#### INFORMATION:
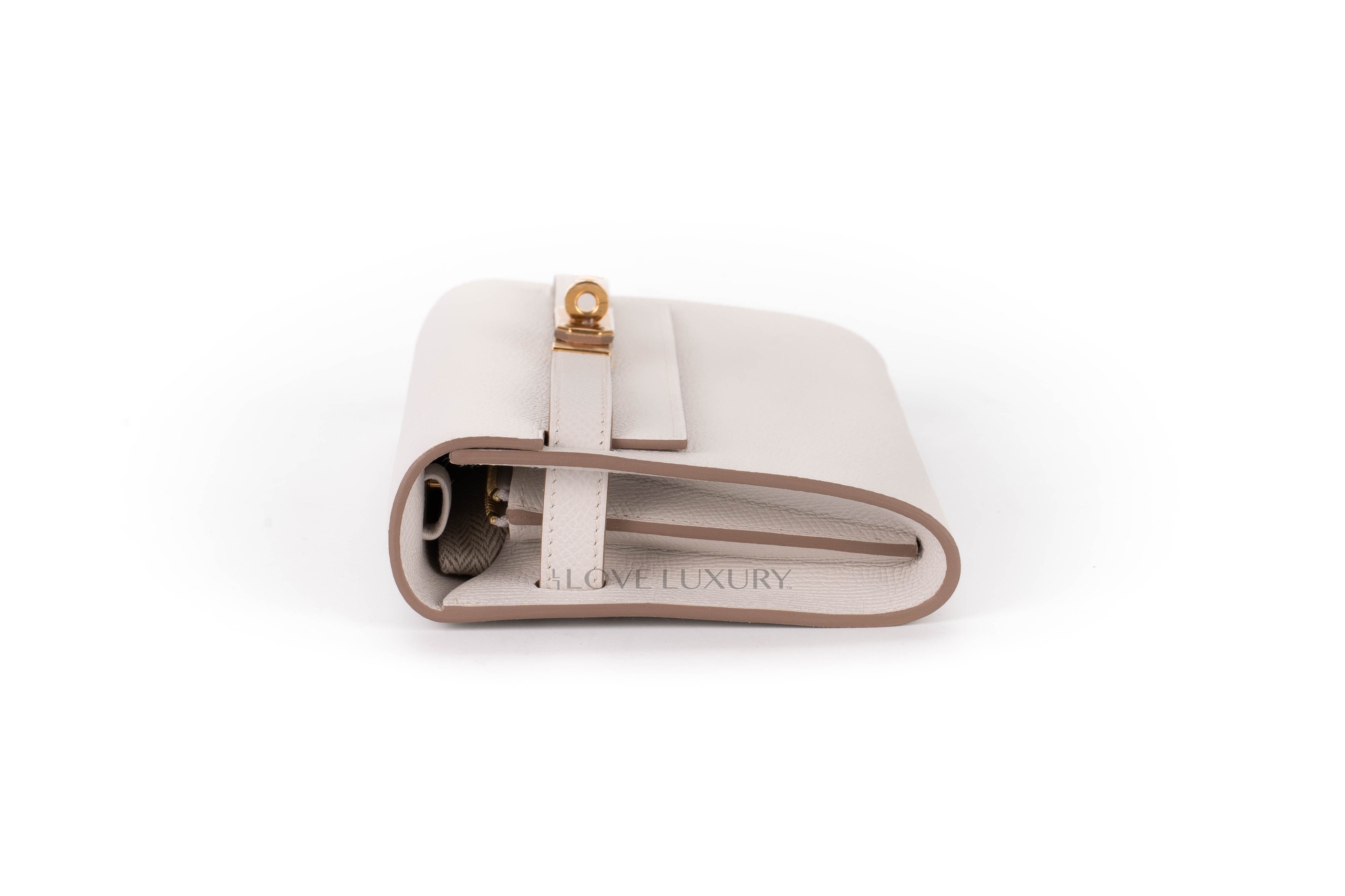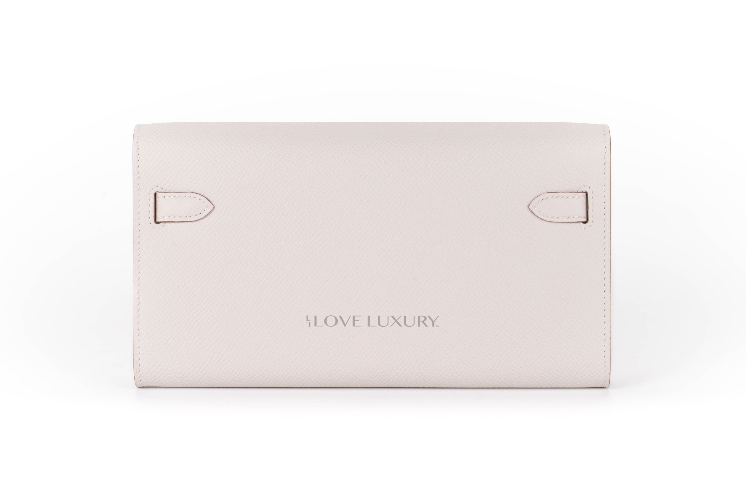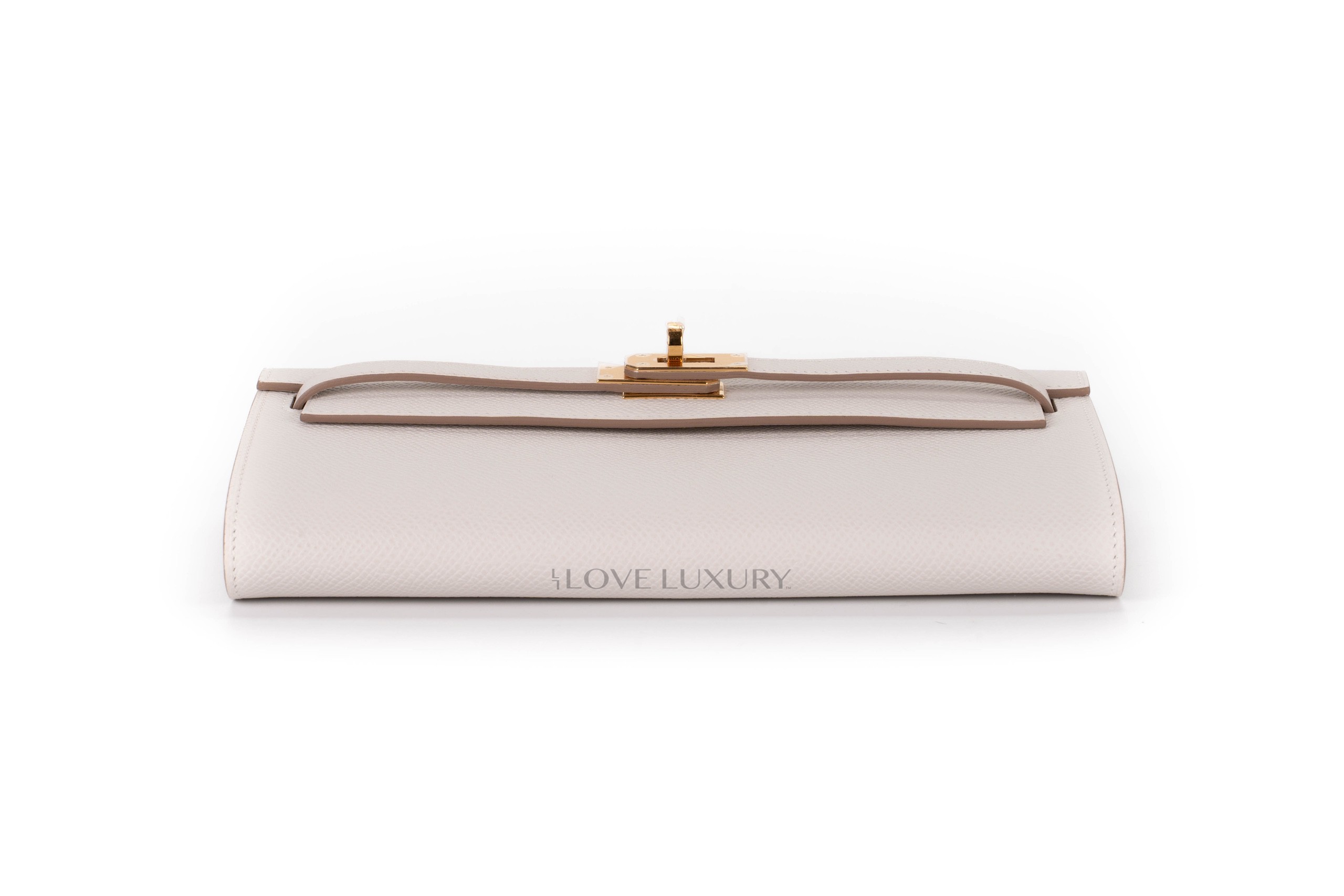 Hermès Kelly To Go is the perfect on the go bag. This is a versatile model that can be dressed down with jeans and T-Shirt and worn cross body. Alternatively it can be worn dressed up as a clutch with the strap removed for a dinner date or a night out. This particular colour is a gorgeous pale grey in the official colour called Gris Pale with gold hardware which is a perfect combination against the coolness of the leather colour. This bag is box fresh and comes as a full set.
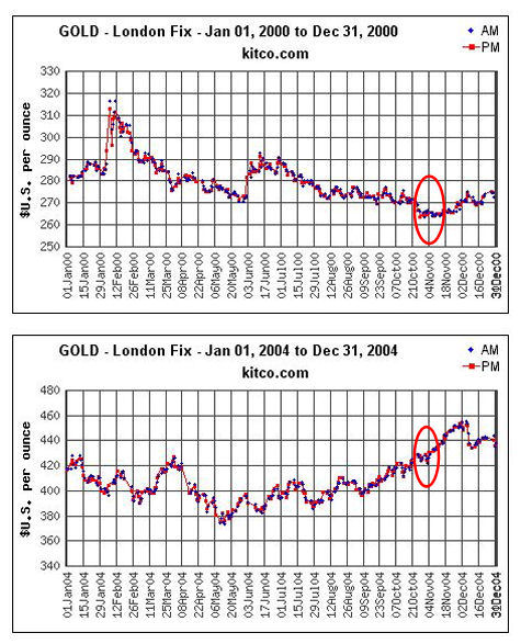 The author mentioned that gold always had a tendancy to suffer during election years. Being a bit curious I decided to check out a few past elections to see if this was true.
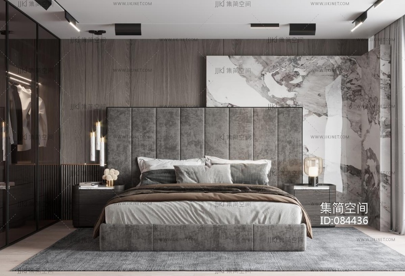 轻奢卧室双人床床头柜衣柜 3d模型下载 [模型ID:84436]
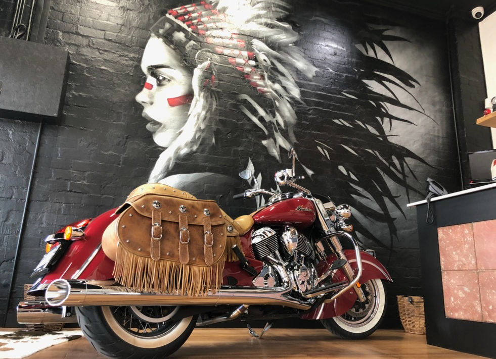 Little Chief Custom Cycles commissioned this piece by Damien in the entrance of their brand new showroom and workshop in Preston. This mural encapsulated their mascot, The Little Chief herself.
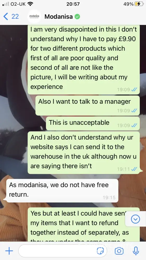 I ordered 3 burkini's, all of which had a satin material and are quite thin unlike in the images where it looks thick and elastic (as a swimsuit should be), When I came to refund the items I was informed that I had to pay £9.90 on each of my packages (two packages) although when I came to look at the product itself the refund policy wasn't there, anyways when I contacted customer service via WhatsApp, I asked if I could refund for free as the items are faulty and not as described, but was informed that this wasn't an option, then I asked if I could at least put the items together so I wouldn't have to pay delivery for each package and they still said no. If the quality of the burkini wasn't poor I wouldn't have requested the refund in the first place, so why am I paying the price for modanisa's mistake. Also on their website it says that they have a warehouse in the UK which when I asked customer service where this was I was told that there isn't one, so if there isn't one why would you put misleading information on the website. I would like to refund all three items with no delivery fee.
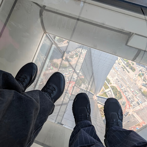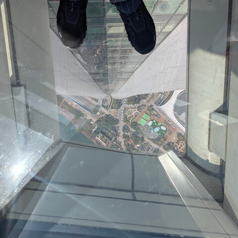 486미터 높이(121층)의 유리 바닥 위를 걷는 건 정말 해볼 만한 경험이었지만, 주변에는 그 시간을 보내는 동안 차분해 보이는 사람이 단 한 명도 보이지 않았습니다.

#### WHAT IS BEING ASKED:
Once the line holding "I ordered 3" is found, set down that line and every line after it, exactly, through the last line of the records above, omitting pictures.

#### EXERCISE SOLUTION:
 I ordered 3 burkini's, all of which had a satin material and are quite thin unlike in the images where it looks thick and elastic (as a swimsuit should be), When I came to refund the items I was informed that I had to pay £9.90 on each of my packages (two packages) although when I came to look at the product itself the refund policy wasn't there, anyways when I contacted customer service via WhatsApp, I asked if I could refund for free as the items are faulty and not as described, but was informed that this wasn't an option, then I asked if I could at least put the items together so I wouldn't have to pay delivery for each package and they still said no. If the quality of the burkini wasn't poor I wouldn't have requested the refund in the first place, so why am I paying the price for modanisa's mistake. Also on their website it says that they have a warehouse in the UK which when I asked customer service where this was I was told that there isn't one, so if there isn't one why would you put misleading information on the website. I would like to refund all three items with no delivery fee.
 486미터 높이(121층)의 유리 바닥 위를 걷는 건 정말 해볼 만한 경험이었지만, 주변에는 그 시간을 보내는 동안 차분해 보이는 사람이 단 한 명도 보이지 않았습니다.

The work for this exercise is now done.